**INPUT RECORDS**
::::

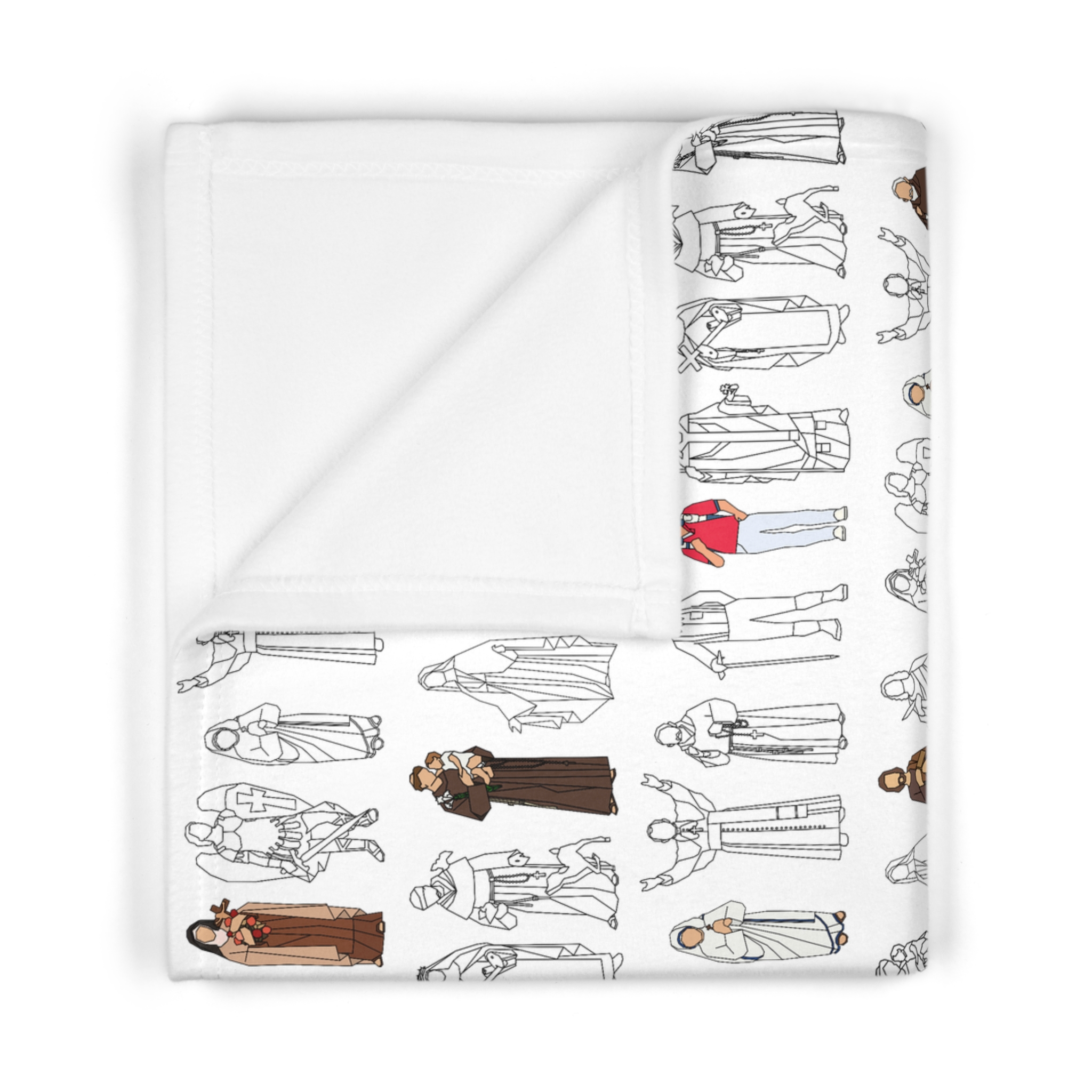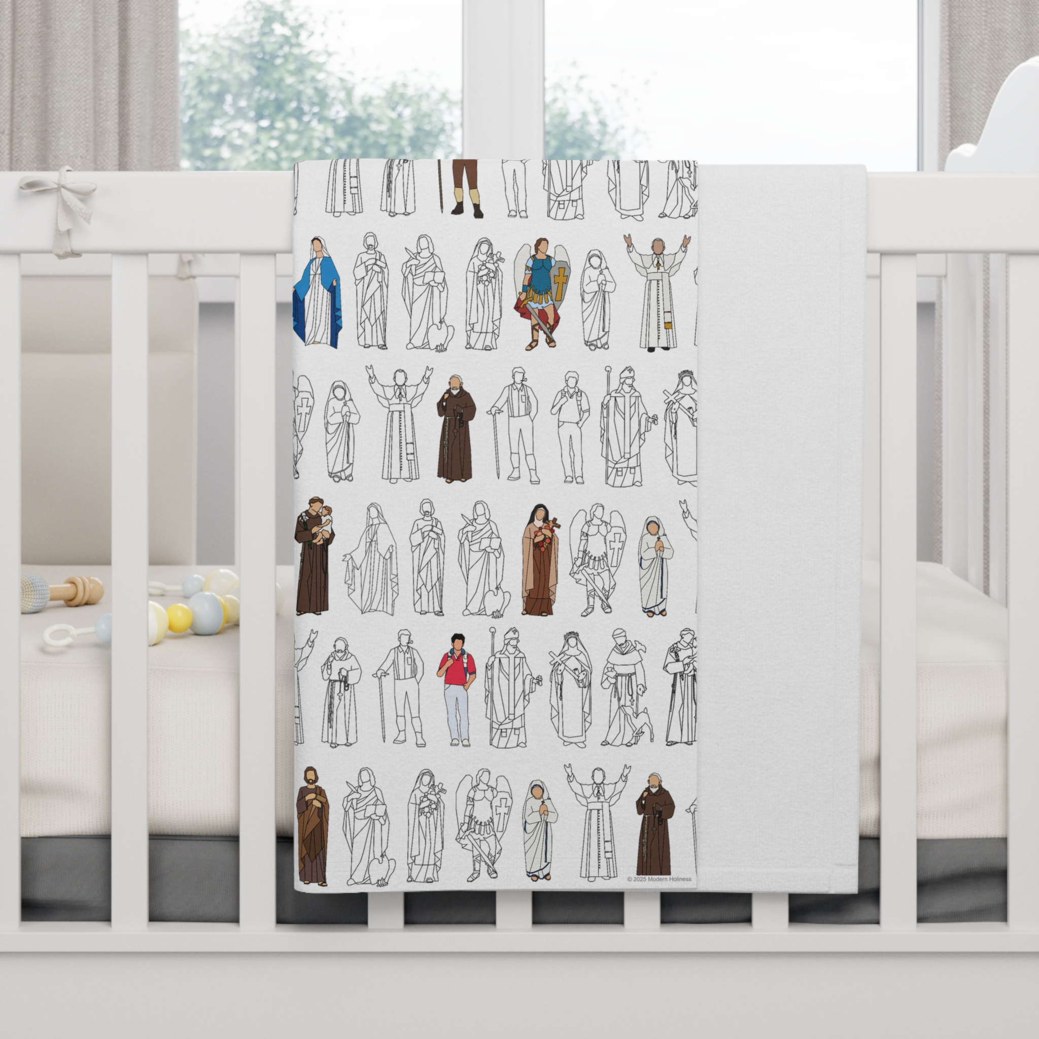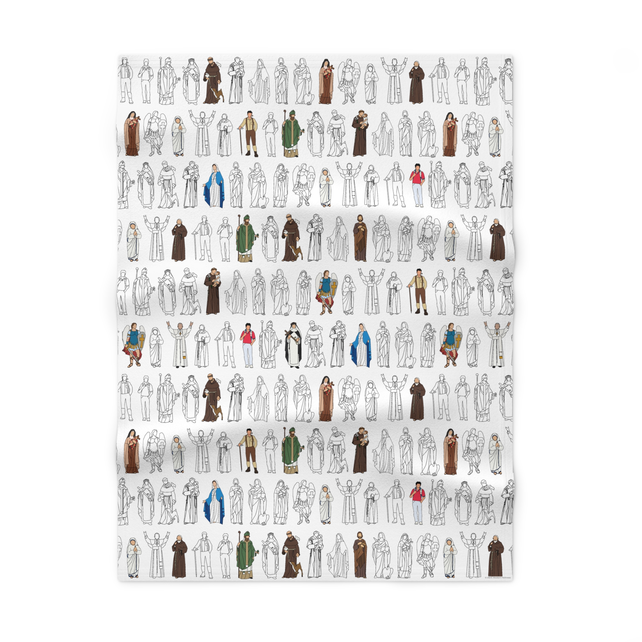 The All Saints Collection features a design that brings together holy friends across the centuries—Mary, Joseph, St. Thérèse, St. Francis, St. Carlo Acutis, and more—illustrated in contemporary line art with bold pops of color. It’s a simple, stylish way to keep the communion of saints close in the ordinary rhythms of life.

::::

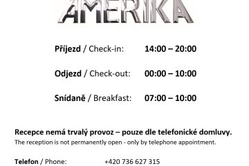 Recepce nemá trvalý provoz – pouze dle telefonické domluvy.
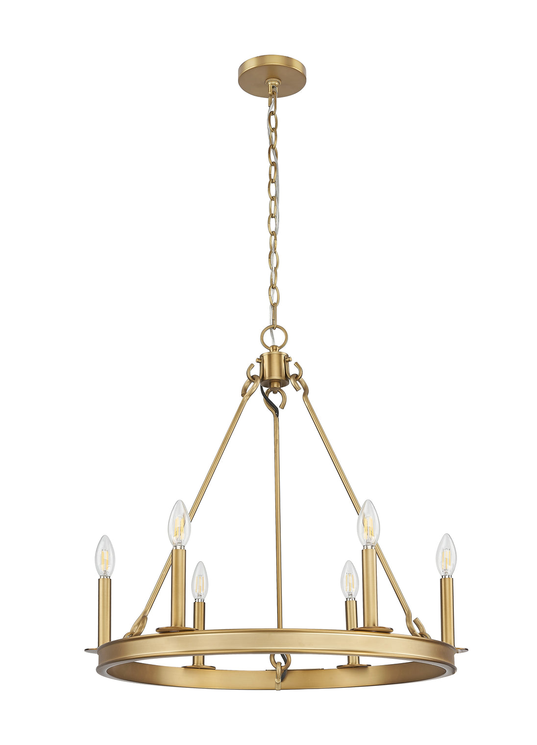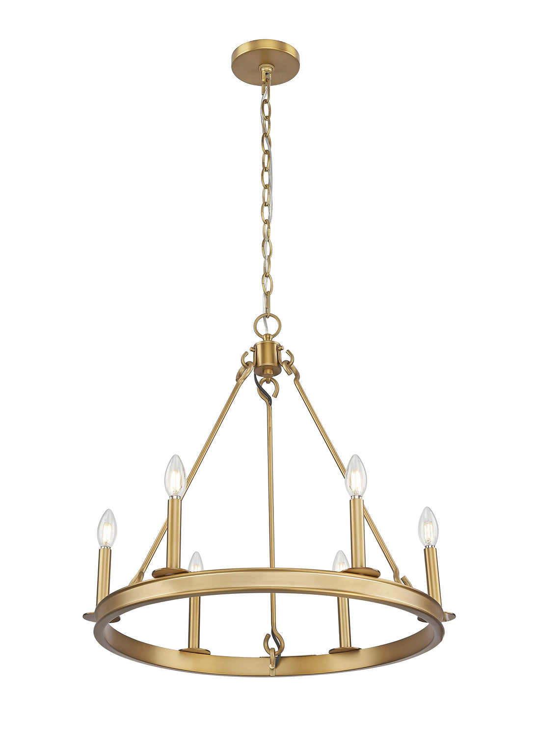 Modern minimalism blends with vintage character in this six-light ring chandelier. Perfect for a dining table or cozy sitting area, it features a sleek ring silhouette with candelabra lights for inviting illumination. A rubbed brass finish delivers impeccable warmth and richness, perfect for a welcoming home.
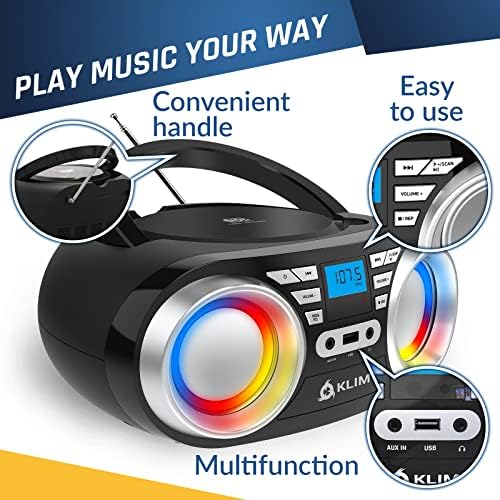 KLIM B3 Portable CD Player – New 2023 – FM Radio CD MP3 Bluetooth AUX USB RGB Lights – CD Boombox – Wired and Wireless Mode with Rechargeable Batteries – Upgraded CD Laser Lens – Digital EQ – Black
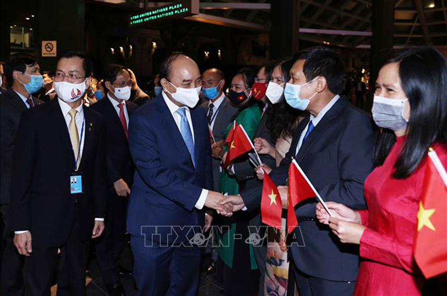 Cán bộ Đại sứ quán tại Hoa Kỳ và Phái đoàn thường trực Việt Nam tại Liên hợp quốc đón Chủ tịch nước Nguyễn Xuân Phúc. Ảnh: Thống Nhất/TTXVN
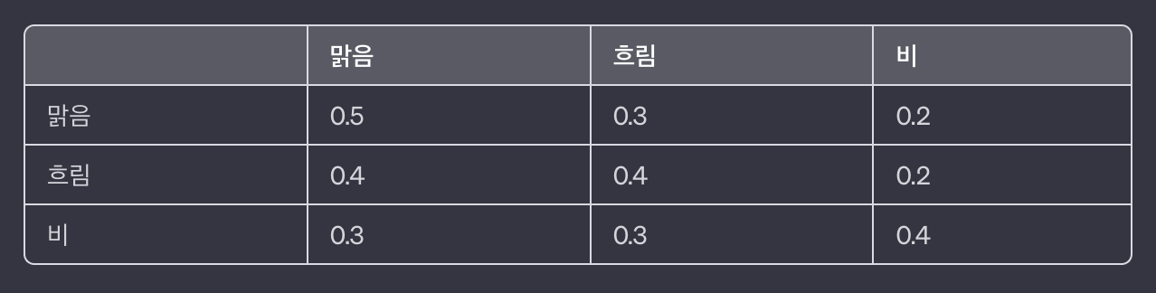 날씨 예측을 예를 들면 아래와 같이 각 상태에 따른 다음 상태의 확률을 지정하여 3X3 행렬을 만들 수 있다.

::::

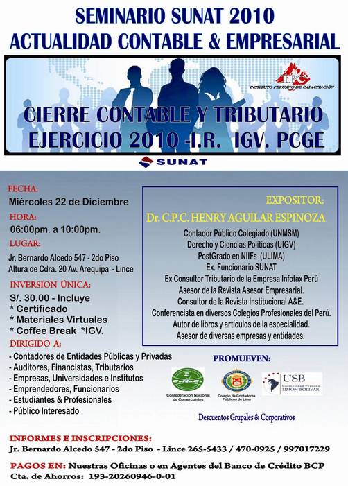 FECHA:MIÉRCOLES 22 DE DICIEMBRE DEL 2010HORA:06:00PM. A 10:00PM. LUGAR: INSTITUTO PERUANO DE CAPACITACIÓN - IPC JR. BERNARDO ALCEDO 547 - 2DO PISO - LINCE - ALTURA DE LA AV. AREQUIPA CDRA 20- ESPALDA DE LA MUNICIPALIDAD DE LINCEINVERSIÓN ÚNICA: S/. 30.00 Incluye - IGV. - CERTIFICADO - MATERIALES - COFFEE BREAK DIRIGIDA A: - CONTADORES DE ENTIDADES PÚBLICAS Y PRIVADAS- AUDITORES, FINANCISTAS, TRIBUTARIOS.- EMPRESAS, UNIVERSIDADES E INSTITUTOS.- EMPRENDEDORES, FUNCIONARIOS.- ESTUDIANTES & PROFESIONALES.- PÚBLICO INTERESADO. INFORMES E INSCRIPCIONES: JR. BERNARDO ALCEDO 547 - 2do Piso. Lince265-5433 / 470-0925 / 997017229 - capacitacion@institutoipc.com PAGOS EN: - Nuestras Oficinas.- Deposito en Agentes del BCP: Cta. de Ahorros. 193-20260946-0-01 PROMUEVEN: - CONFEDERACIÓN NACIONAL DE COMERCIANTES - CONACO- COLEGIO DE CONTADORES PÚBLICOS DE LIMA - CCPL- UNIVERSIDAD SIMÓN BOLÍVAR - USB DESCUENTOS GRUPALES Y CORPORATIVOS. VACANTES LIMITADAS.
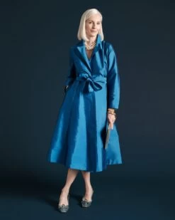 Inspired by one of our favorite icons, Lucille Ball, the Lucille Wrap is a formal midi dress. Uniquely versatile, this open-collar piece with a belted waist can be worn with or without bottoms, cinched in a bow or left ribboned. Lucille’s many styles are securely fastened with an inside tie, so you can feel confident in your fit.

::::

**WHAT TO PRODUCE**
For this exercise, transcribe exactly the part of the records above that opens with the line containing "Recepce nemá trvalý" and closes with the one containing "날씨 예측을 예를 들면". Pictures are not part of the copy.

**ANSWER BELOW**
 Recepce nemá trvalý provoz – pouze dle telefonické domluvy.
 Modern minimalism blends with vintage character in this six-light ring chandelier. Perfect for a dining table or cozy sitting area, it features a sleek ring silhouette with candelabra lights for inviting illumination. A rubbed brass finish delivers impeccable warmth and richness, perfect for a welcoming home.
 KLIM B3 Portable CD Player – New 2023 – FM Radio CD MP3 Bluetooth AUX USB RGB Lights – CD Boombox – Wired and Wireless Mode with Rechargeable Batteries – Upgraded CD Laser Lens – Digital EQ – Black
 Cán bộ Đại sứ quán tại Hoa Kỳ và Phái đoàn thường trực Việt Nam tại Liên hợp quốc đón Chủ tịch nước Nguyễn Xuân Phúc. Ảnh: Thống Nhất/TTXVN
 날씨 예측을 예를 들면 아래와 같이 각 상태에 따른 다음 상태의 확률을 지정하여 3X3 행렬을 만들 수 있다.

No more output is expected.